Kleinberg, J., et al. (2017). "Inherent trade-offs in algorithmic fairness."
Pleiss, G., et al. (2017). "On fairness and calibration." NeurIPS.
Chouldechova, A. (2017). "Fair prediction with disparate impact."
Guo, C., et al. (2017). "On calibration of modern neural networks." ICML.

Examples

iex> # Perfect calibration example
iex> probs = Nx.tensor([0.1, 0.2, 0.3, 0.4, 0.5, 0.6, 0.7, 0.8, 0.9, 1.0, 0.1, 0.2, 0.3, 0.4, 0.5, 0.6, 0.7, 0.8, 0.9, 1.0])
iex> labels = Nx.tensor([0, 0, 0, 0, 1, 1, 1, 1, 1, 1, 0, 0, 0, 0, 1, 1, 1, 1, 1, 1])
iex> sensitive = Nx.tensor([0, 0, 0, 0, 0, 0, 0, 0, 0, 0, 1, 1, 1, 1, 1, 1, 1, 1, 1, 1])
iex> result = ExFairness.Metrics.Calibration.compute(probs, labels, sensitive, n_bins: 5)
iex> is_float(result.disparity)
true

Summary

Types

result()

Functions

compute(probabilities, labels, sensitive_attr, opts \\ [])

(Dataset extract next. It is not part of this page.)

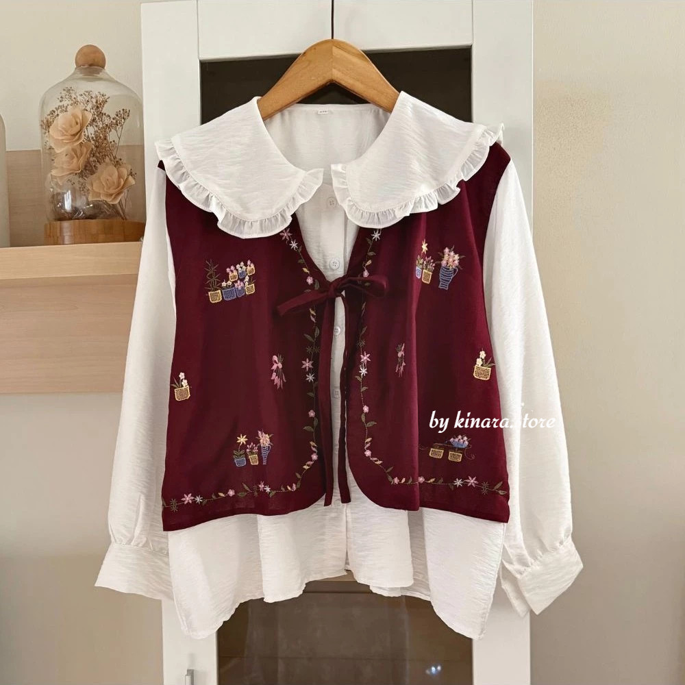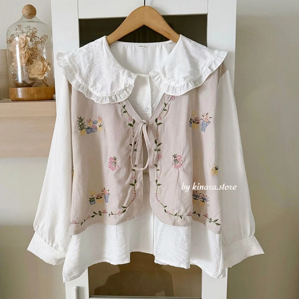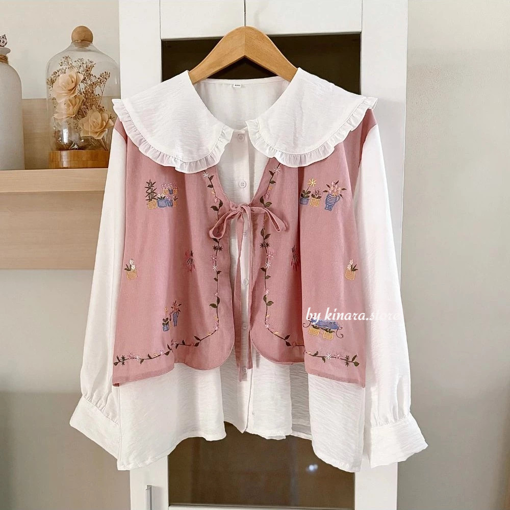 Delphia Blouse | Atasan Bordir Korean Style | LD 120 110 dst | Atasan Wanita Lengan Panjang

Computes calibration fairness disparity between groups.

reliability_diagram(probabilities, labels, sensitive_attr, opts \\ [])

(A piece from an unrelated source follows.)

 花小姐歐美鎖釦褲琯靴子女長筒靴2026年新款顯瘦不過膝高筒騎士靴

Generates reliability diagram data for calibration plotting.

Types

result()

@type result() :: %{
  group_a_ece: float(),
  group_b_ece: float(),
  disparity: float(),
  passes: boolean(),
  threshold: float(),
  group_a_mce: float(),
  group_b_mce: float(),
  n_bins: integer(),
  strategy: :uniform | :quantile,
  interpretation: String.t()
}

Functions

compute(probabilities, labels, sensitive_attr, opts \\ [])

@spec compute(Nx.Tensor.t(), Nx.Tensor.t(), Nx.Tensor.t(), keyword()) :: result()

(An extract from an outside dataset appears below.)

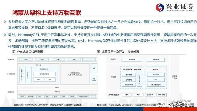 多种设备之间之所以能够实现硬件互助和资源共享,所依赖的关键技术之一是分布式软总线。借助这一技术,用户可以根据自己的 需求组装设备,不管有多少设备连接,都可以做到像使用一台设备一样简单。同时,HarmonyOS对于用户开发非常友好,支持应用开发过程中多终端的业务逻辑和界面逻辑进行复用,能够实现应用的一次开 发、多端部署,提升了跨设备应用的开发效率。此外,HarmonyOS还通过组件化和小型化等设计方法,支持多种终端设备按需弹 性部署以适配不同类别的硬件资源和功能需求。

Computes calibration fairness disparity between groups.

Parameters

probabilities - Predicted probabilities (0.0 to 1.0)
labels - Binary labels (0 or 1)
sensitive_attr - Binary sensitive attribute (0 or 1)
opts:
- :n_bins - Number of probability bins (default: 10)
- :strategy - Binning strategy (:uniform or :quantile, default: :uniform)
- :threshold - Max acceptable ECE disparity (default: 0.1)
- :min_per_group - Minimum samples per group (default: 5)

Returns

Map with ECE for each group, disparity, and detailed calibration metrics:

:group_a_ece - Expected Calibration Error for group A
:group_b_ece - Expected Calibration Error for group B
:disparity - Absolute difference in ECE
:passes - Whether disparity is within threshold
:threshold - Threshold used
:group_a_mce - Maximum Calibration Error for group A
:group_b_mce - Maximum Calibration Error for group B
:n_bins - Number of bins used
:strategy - Binning strategy used
:interpretation - Plain language explanation

Examples

iex> probs = Nx.tensor([0.1, 0.3, 0.6, 0.9, 0.2, 0.4, 0.7, 0.8, 0.5, 0.3, 0.1, 0.3, 0.6, 0.9, 0.2, 0.4, 0.7, 0.8, 0.5, 0.3])
iex> labels = Nx.tensor([0, 0, 1, 1, 0, 0, 1, 1, 1, 0, 0, 0, 1, 1, 0, 0, 1, 1, 1, 0])
iex> sensitive = Nx.tensor([0, 0, 0, 0, 0, 0, 0, 0, 0, 0, 1, 1, 1, 1, 1, 1, 1, 1, 1, 1])
iex> result = ExFairness.Metrics.Calibration.compute(probs, labels, sensitive, n_bins: 5)
iex> result.n_bins
5

reliability_diagram(probabilities, labels, sensitive_attr, opts \\ [])

@spec reliability_diagram(Nx.Tensor.t(), Nx.Tensor.t(), Nx.Tensor.t(), keyword()) ::
  %{
    bins: [map()],
    n_bins: integer(),
    strategy: :uniform | :quantile
  }

Generates reliability diagram data for calibration plotting.

Returns bin-level accuracy, confidence, and counts per group using the same binning strategy as compute/4.